Jessica Homendy, the chair of the National Transportation Safety Board (NTSB) had some strong words for Tesla in an interview in The Wall Street Journal. Essentially she warned Tesla to deal with “basic safety issues” before rolling out their “full self-driving” (FSD) mode to more drivers.
That’s hot on the heels of Tesla CEO Elon Musk saying on Twitter that he was going to put FSD into more cars starting September 10.
That update would still be limited to customers in the early access program, but Musk said that after “another few weeks” for “tuning [and] bug fixes” every Tesla owner who had paid for FSD would see a “public beta button” on their dash to upgrade their software. Tapping that button would upgrade their car’s software to the FSD beta, which had previously been only available to a select percentage of Tesla owners.
Homendy held no disdain back for Tesla’s marketing jargon, calling their characterization of their driving aid package as “full self-driving” as “misleading and irresponsible.” We’ve known that since at least May of this year when Tesla basically admitted the “full” in FSD was really short for “full-of-it.”

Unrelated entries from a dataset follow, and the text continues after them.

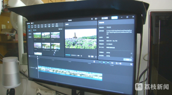拍到了满意的素材,张春源老人邀请记者到家里坐坐,一张床、四台电脑、五部摄影器材,墙上挂满了各种电子设备,张春源告诉记者,退休后,他把面积不算大的卧室改造成了“摄影工作室”,每当拍到了满意的视频,他都会自己动手制作剪辑。张春源说,这是航拍的,比如我这里要剪辑,点这里,如果要加字幕,单排字体还是双排字体都预设好了,是怎么读出来呢,点朗读,这么多配音,新闻男声女声都有。
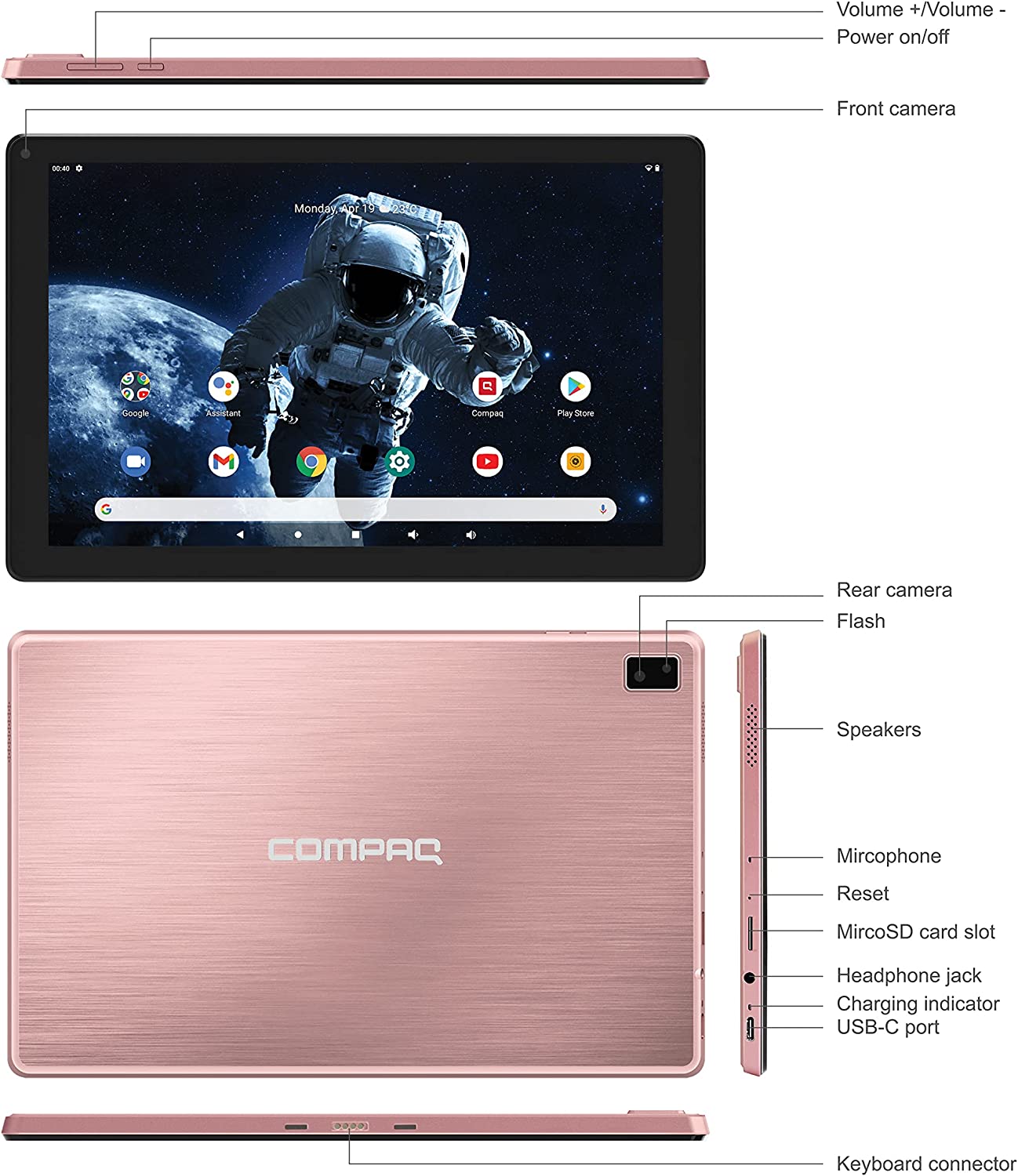 Enjoy compact convenience with the perfectly portable CT201 tablet. Work, watch, and play your favorite games and movies on a sizable 10" screen backed by the easy-to-navigate Android 11 operating system. Includes CT201 tablet with AC adapter, USB charging cable, folio keyboard Android 11 operating system Quad-core processor 10" diagonal Full HD display with 1920x1080 resolution; IPS technology 4GB RAM 64GB Storage 802.11a/b/g/n/ac Wi-Fi 2-megapixel front-facing camera 5-megapixel rear-facing camera with flash USB-C port microSD memory card slot 3.5mm headphone jack Measures approximately 9.84"W x 0.37"D x 6.3"H; 1.22 lbs What You Get *Compaq 10" tablet *Power adapter *USB-C charging cable *Folio keyboard *Detachable kickstand *Manufacturer's 1-year limited warranty
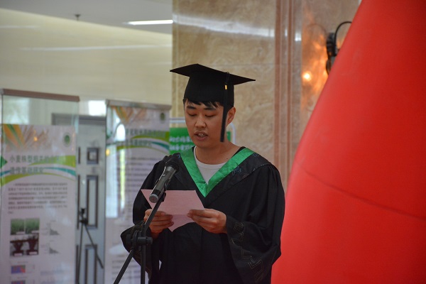 2018届动物检疫1班学生樊杰作为毕业生代表上台发言。他带领全体毕业生高呼三遍牧医精神,重温牧医精神带来的感动与激励,并回顾了大学四年学习、工作感受,感慨时光飞逝,依依惜别,祝福母校越来越好。
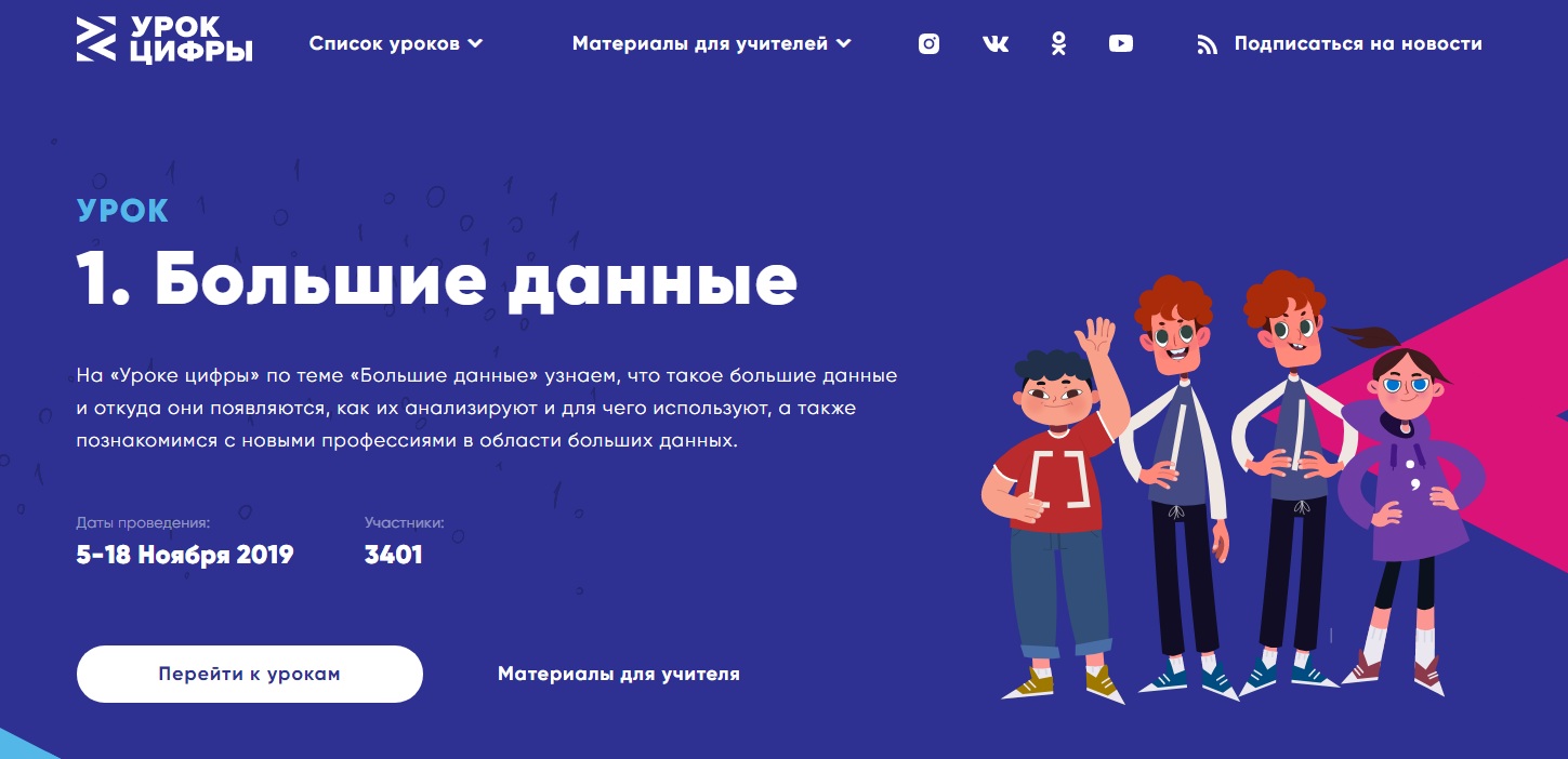 02.11.20195 ноября во всех школах страны стартует всероссийский проект «Урок цифры». ⠀ Открыла серию необычных уроков конференция «Урок цифры для учителей России». ⠀ Каждый из уроков направлен на развитие цифровых знаний и навыков. Первое занятие будет посвящено большим данным. ⠀ До конца учебного года пройдут уроки по темам: «Сети и облачные технологии», «Безопасность будущего», «Персональные помощники», «Искусственный интеллект и машинное обучение». ⠀ Подробнее о проекте можно узнать на сайте урокцифры.рф.
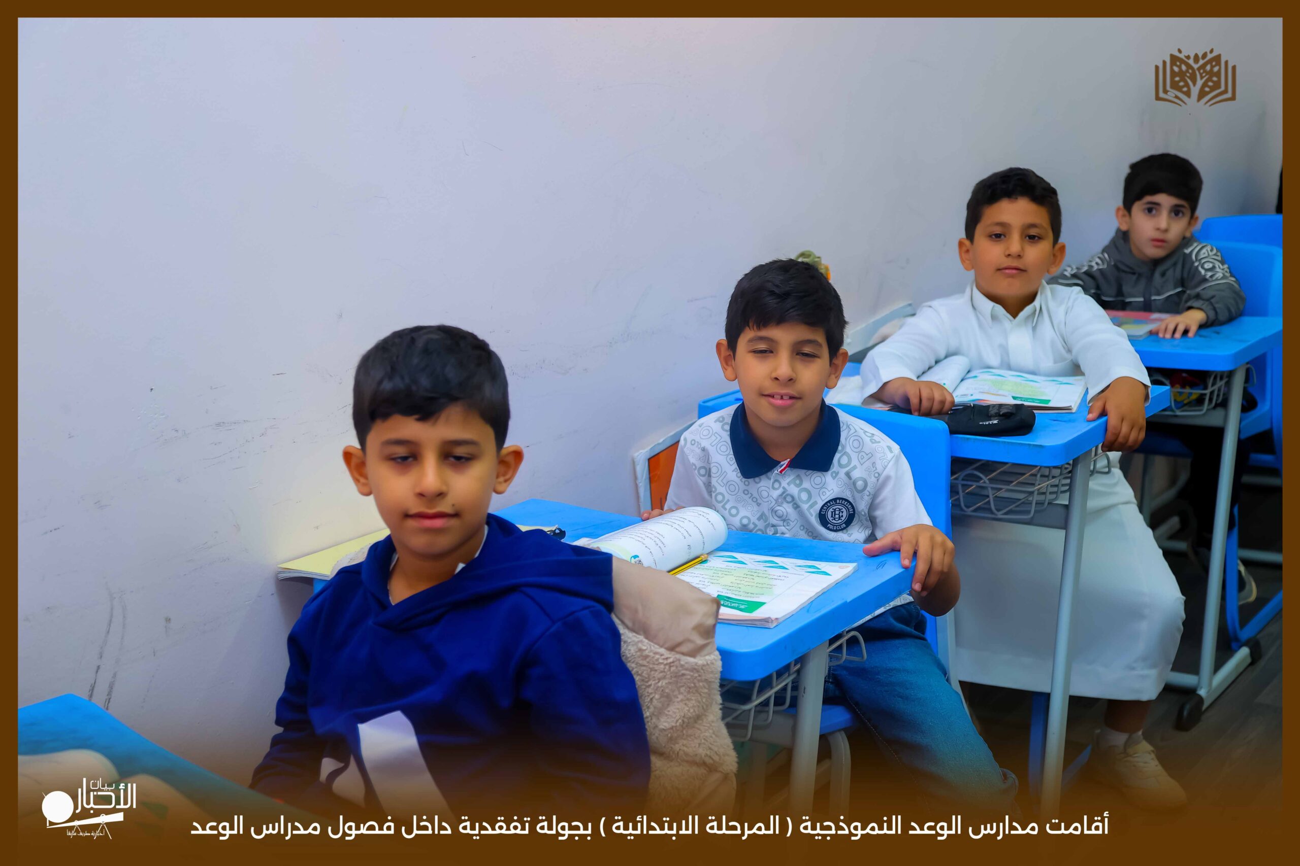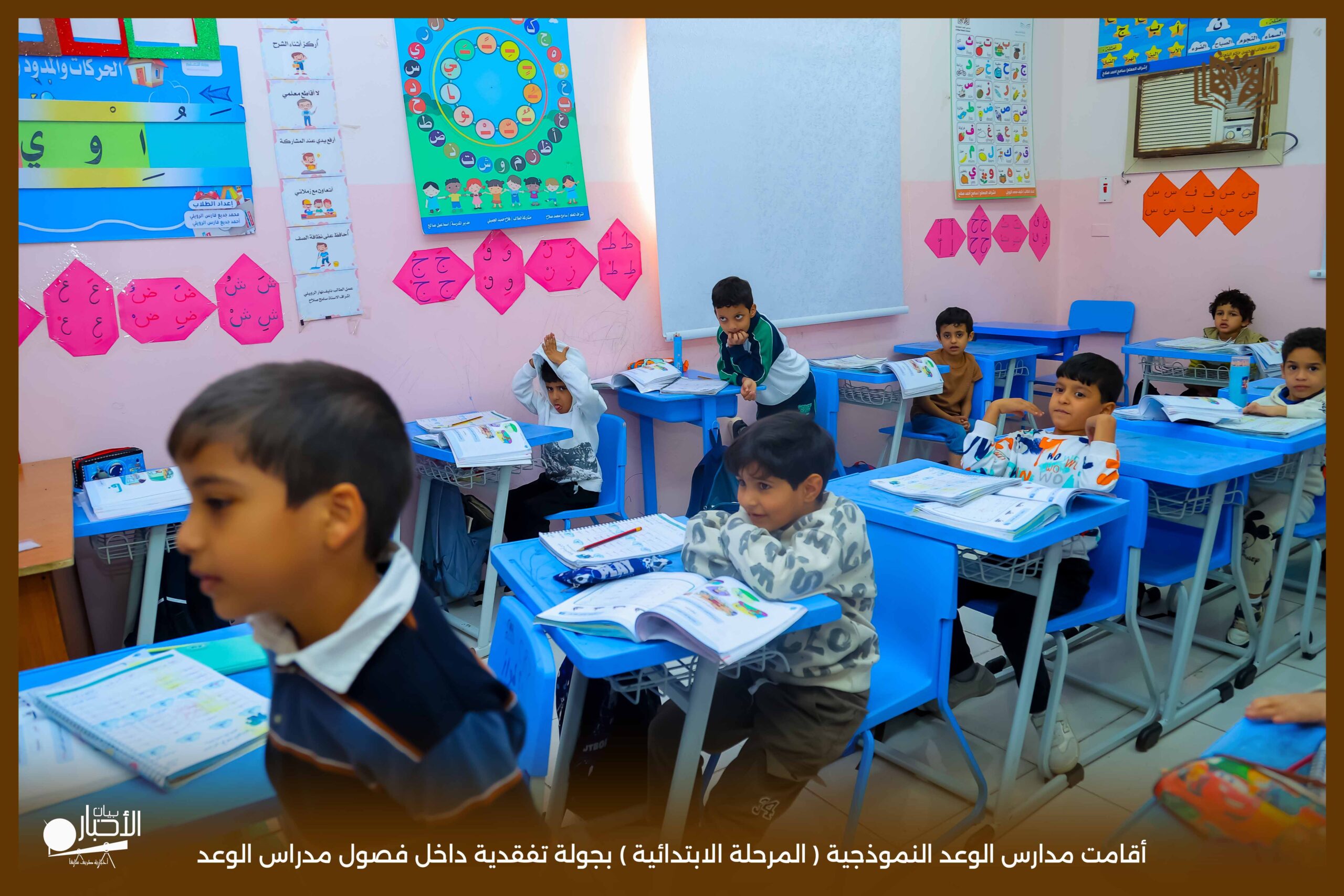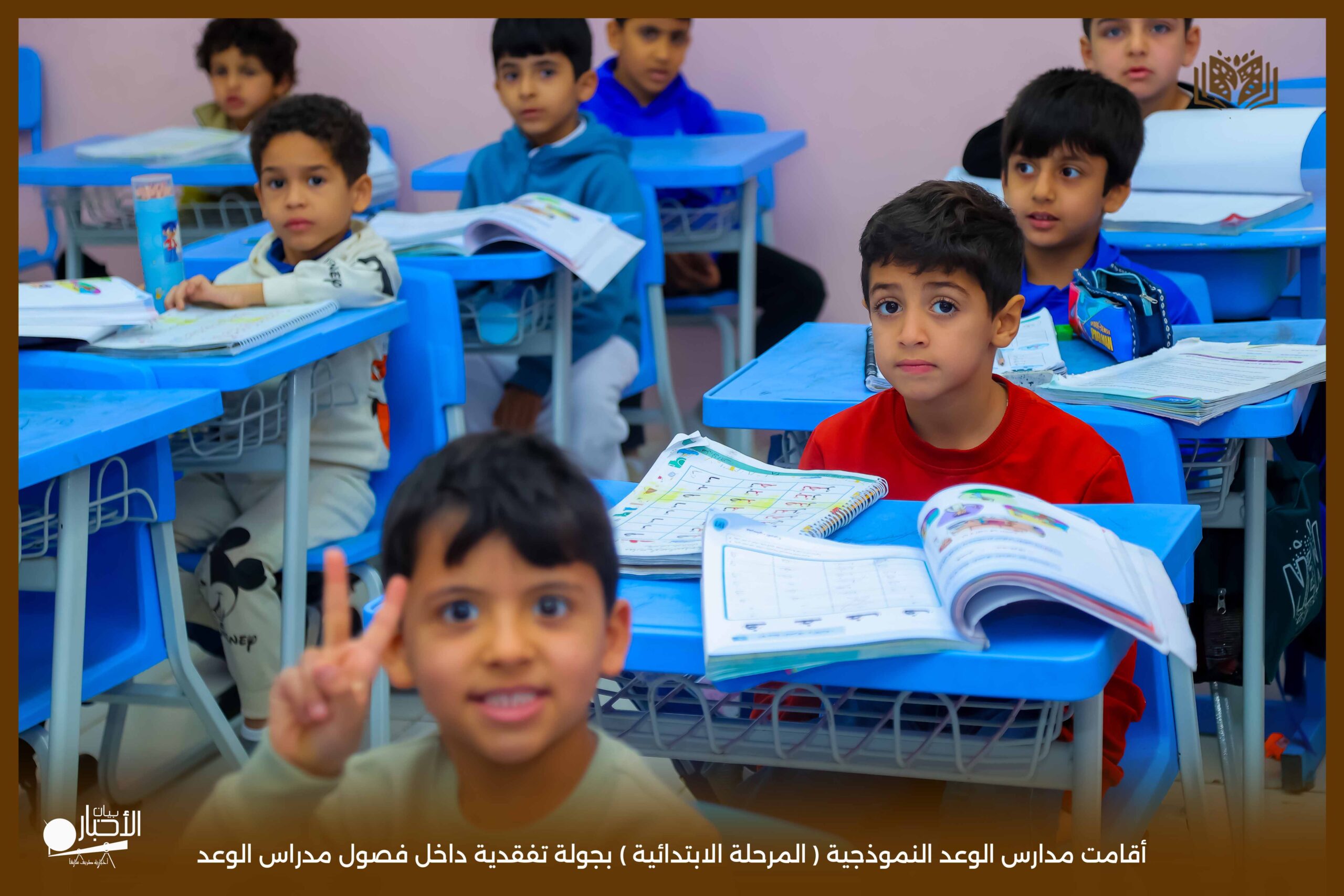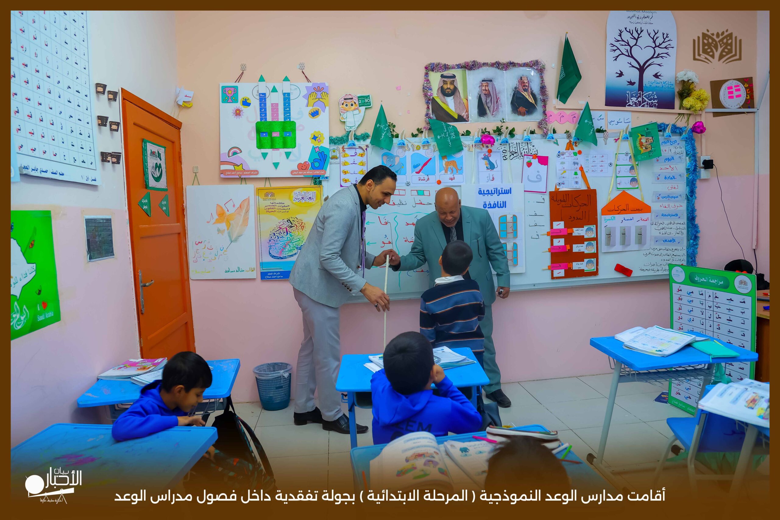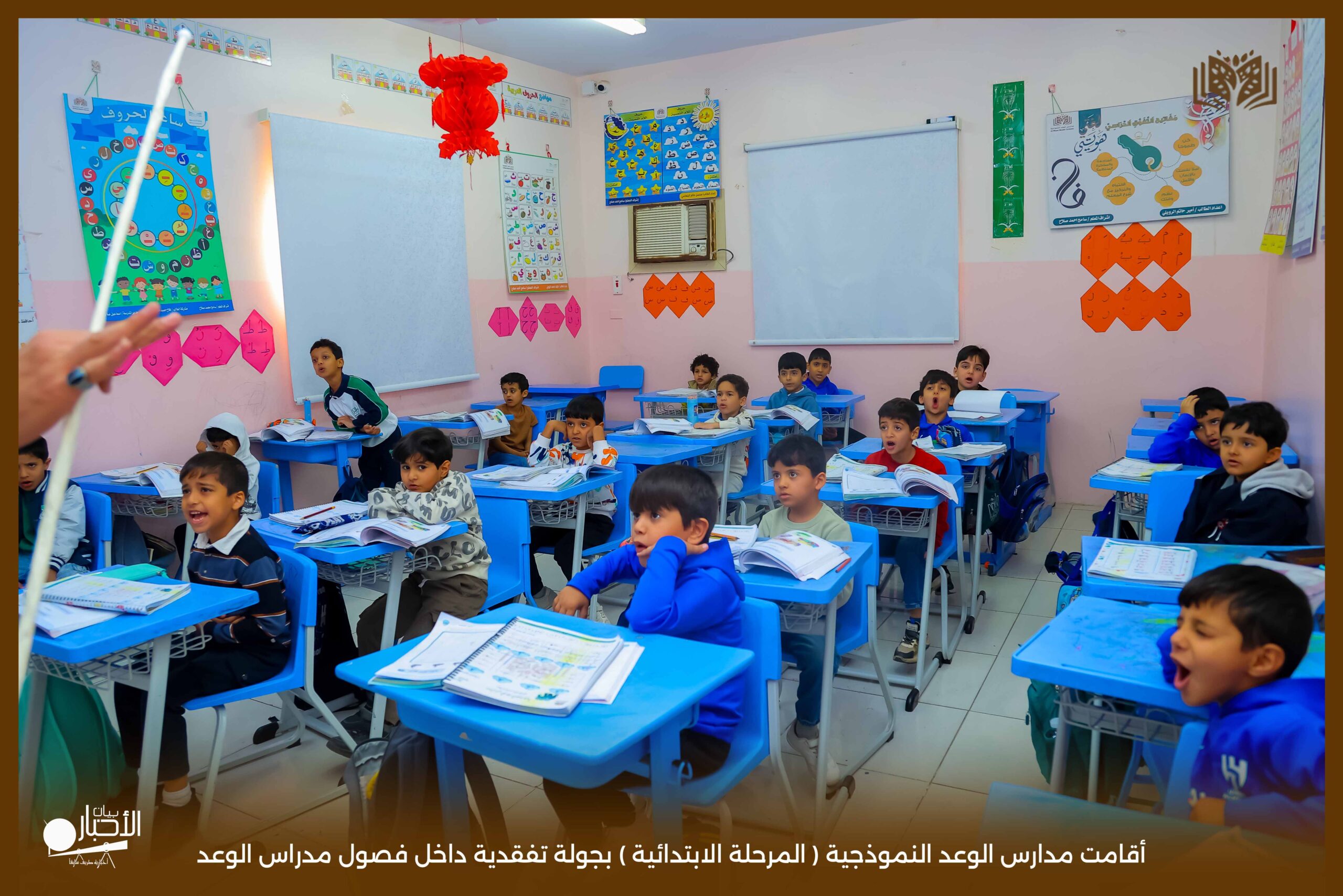 أقامت مدارس الوعد النموذجية ( المرحلة الابتدائية ) بجولة تفقدية داخل فصول مدراس الوعد ضمن الزيارات الصفية من قبل الإدارة والدعم الفني والمتابعة بالمدرسة و الوقوف على مستويات الطلاب ومدى انضباط العملية التعليمية داخل المدرسة.

The thing is, the NTSB is an advisory board with no regulatory power. It can only issue safety recommendations. That doesn’t mean Tesla is off the hook though, as multiple government agencies with actual regulatory power are also looking at FSD for various issues.
The admission in May led to the California Department of Motor Vehicles opening up an investigation over the company’s over-stated claims about its not-quite-there-yet autonomous driving system. Last month, the National Highway Traffic Safety Administration also launched a probe into FSD, after a string of Autopilot-involved crashes into parked emergency vehicles.